Department of Health Science and Technology, Aalborg University, Aalborg, Denmark.
Steno Diabetes Center North Denmark, Aalborg, Denmark.
Clin Respir J. 2023 Aug;17(8):819-828. doi: 10.1111/crj.13662. Epub 2023 Jul 13.
Spirometry is associated with several diagnostic difficulties, and as a result, misdiagnosis of chronic obstructive pulmonary disease (COPD) occurs. This study aims to investigate how random forest (RF) can be used to improve the existing clinical FVC and FEV1 reference values in a large and representative cohort of the general population of the US without known lung disease.

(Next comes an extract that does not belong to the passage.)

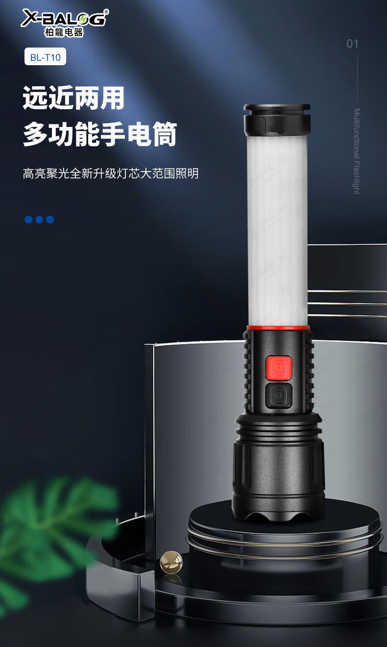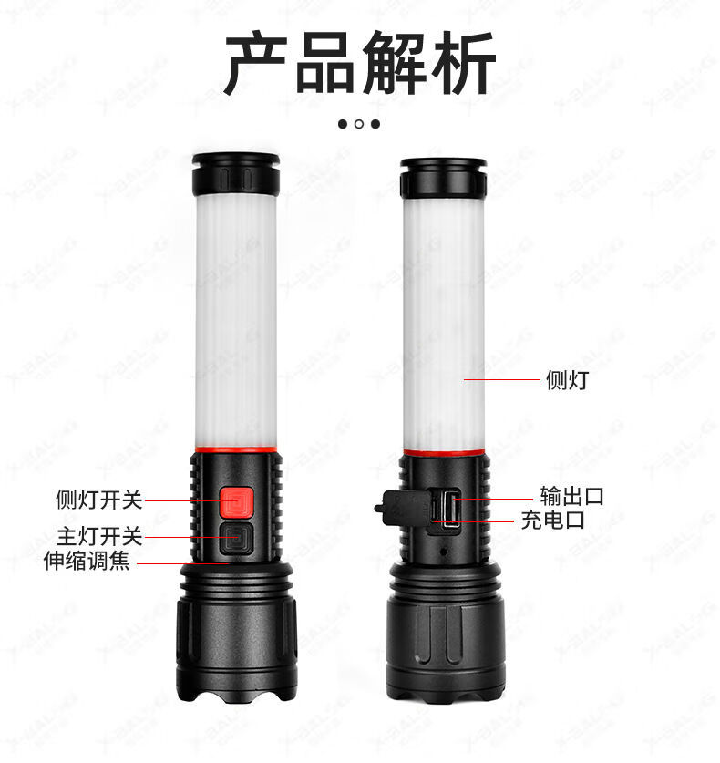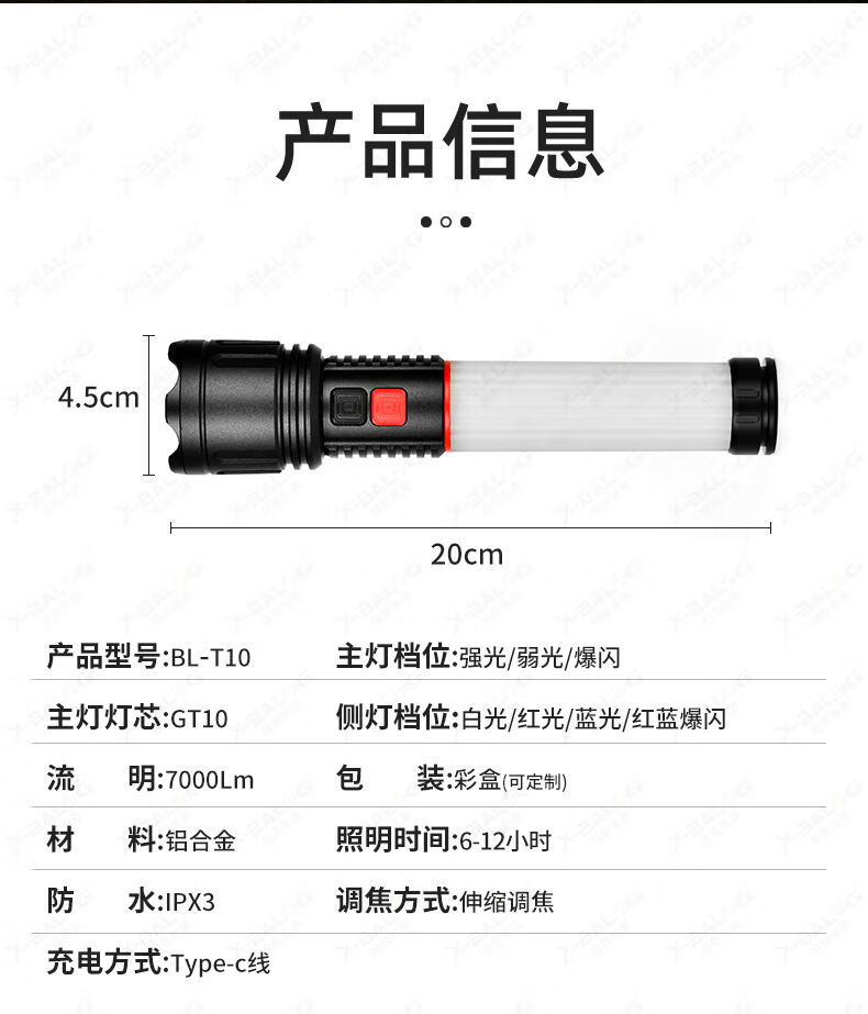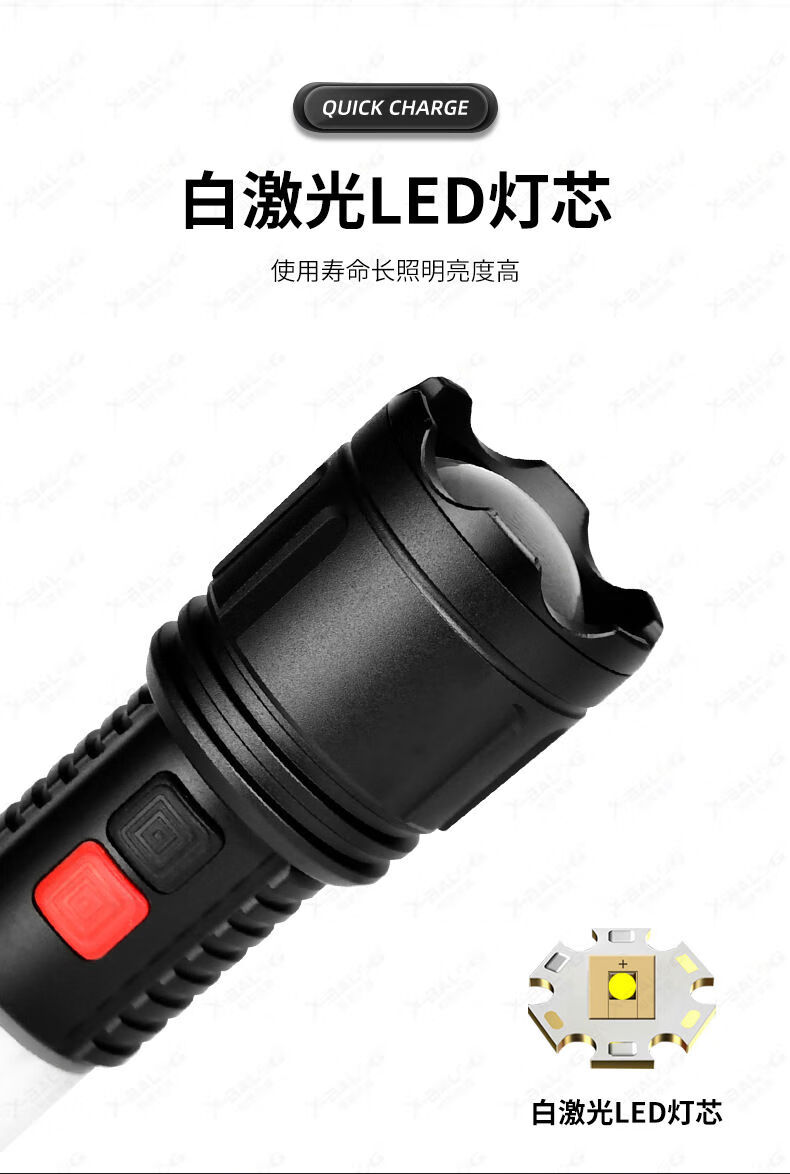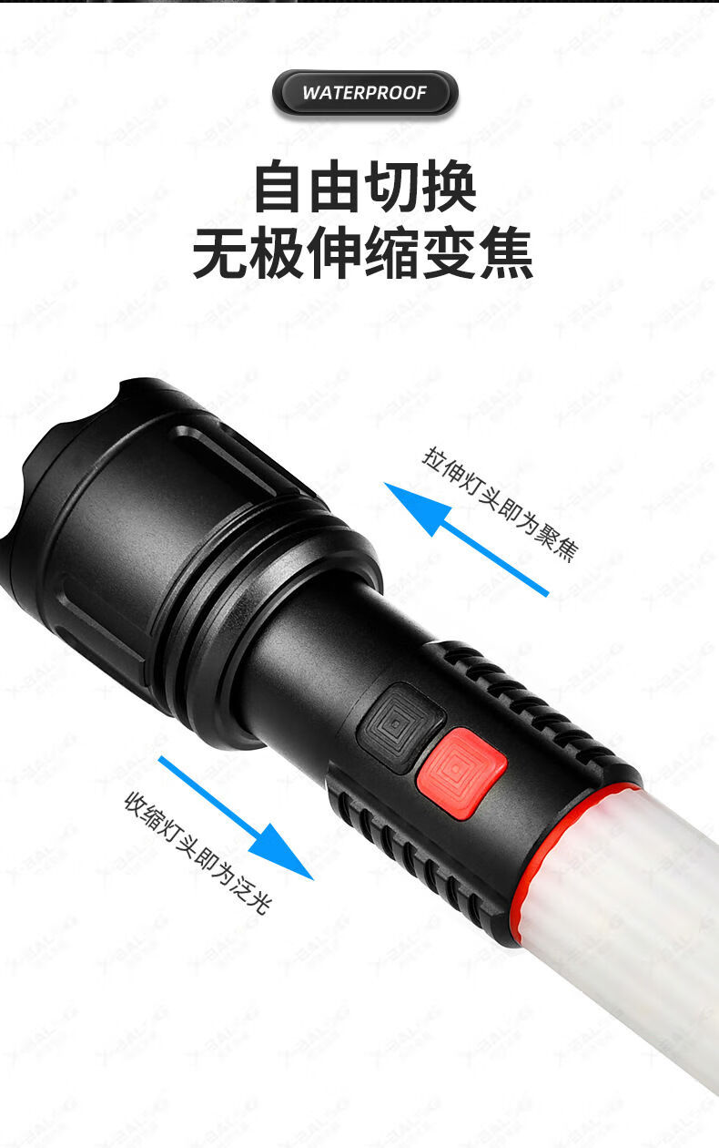 德国日本进口技术抖音伸缩变焦强光手电筒LED户外照明内置锂电池 BL-T10彩盒
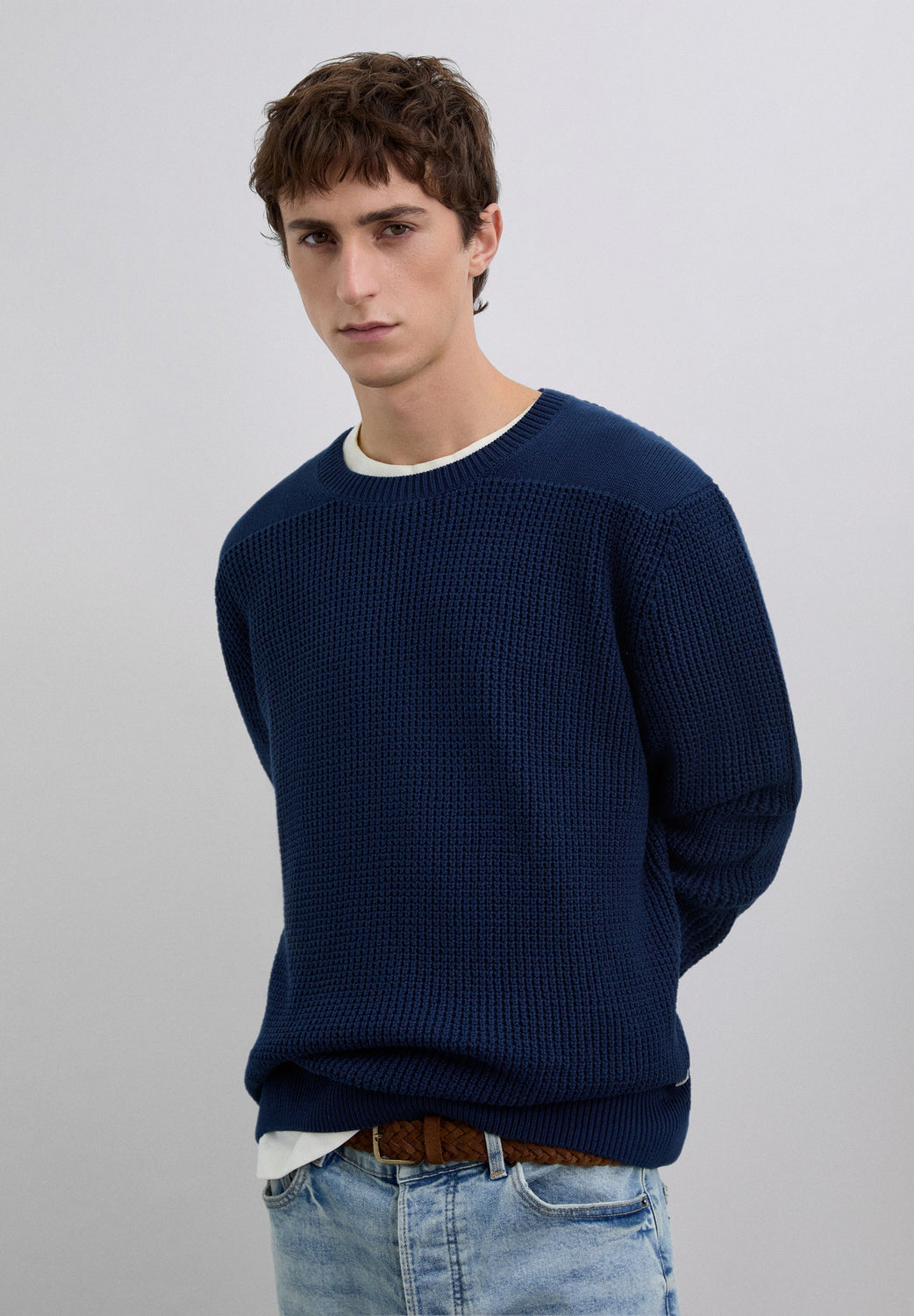 Jersey punto confeccionado en 100% algodón BCI. Regular Fit. Cuello redondo. Manga larga. Acabados acanalados.

FVC, FEV1, body measures, and demographic data from 23 433 people were extracted from NHANES. RF was used to develop different prediction models. The accuracy of RF was compared with the existing Danish clinical references, an improved multiple linear regression (MLR) model, and a model from the literature.
The correlation between actual and predicted FVC and FEV1 and the 95% confidence interval for RF were found to be FVC = 0.85 (0.85; 0.86) (p < 0.001), FEV1 = 0.92 (0.92; 0.93) (p < 0.001), and existing clinical references were FVC = 0.66 (0.64; 0.68) (p < 0.001) and FEV1 = 0.69 (0.67; 0.70) (p < 0.001). Slope and intercept for the RF models predicting FVC and FEV1 were FVC 1.06 and -238.04 (mL), FEV1: 0.86 and 455.36 (mL), and for the MLR models, slope and intercept were FVC: 0.99 and 38.56 39 (mL), and FEV1: 1.01 and -56.57-57 (mL).
The results point toward machine learning models such as RF have the potential to improve the prediction of estimated lung function for individual patients. These predictions are used as reference values and are an important part of assessing spirometry measurements in clinical practice. Further work is necessary in order to reduce the size of the intercepts obtained through these results.
肺量测定法与一些诊断困难有关,因此,慢性阻塞性肺疾病(COPD)的误诊时有发生。本研究旨在探讨随机森林(RF)如何应用于改善美国无已知肺部疾病的普通人群的大型代表性队列中的现有临床 FVC 和 FEV1 参考值。
从 NHANES 中提取了 23433 人的 FVC、FEV1、身体测量值和人口统计学数据。RF 用于开发不同的预测模型。比较了 RF 的准确性与现有的丹麦临床参考值、改进的多元线性回归(MLR)模型和文献中的模型。
发现 RF 实际和预测 FVC 和 FEV1 之间的相关性以及 95%置信区间为 FVC=0.85(0.85;0.86)(p<0.001),FEV1=0.92(0.92;0.93)(p<0.001),而现有的临床参考值为 FVC=0.66(0.64;0.68)(p<0.001)和 FEV1=0.69(0.67;0.70)(p<0.001)。预测 FVC 和 FEV1 的 RF 模型的斜率和截距分别为 FVC 1.06 和-238.04(mL),FEV1:0.86 和 455.36(mL),而 MLR 模型的斜率和截距分别为 FVC:0.99 和 38.56-39(mL),FEV1:1.01 和-56.57-57(mL)。
结果表明,机器学习模型(如 RF)有可能改善个体患者估计肺功能的预测。这些预测值被用作参考值,是评估临床实践中肺量测定测量值的重要组成部分。需要进一步的工作来减少通过这些结果获得的截距的大小。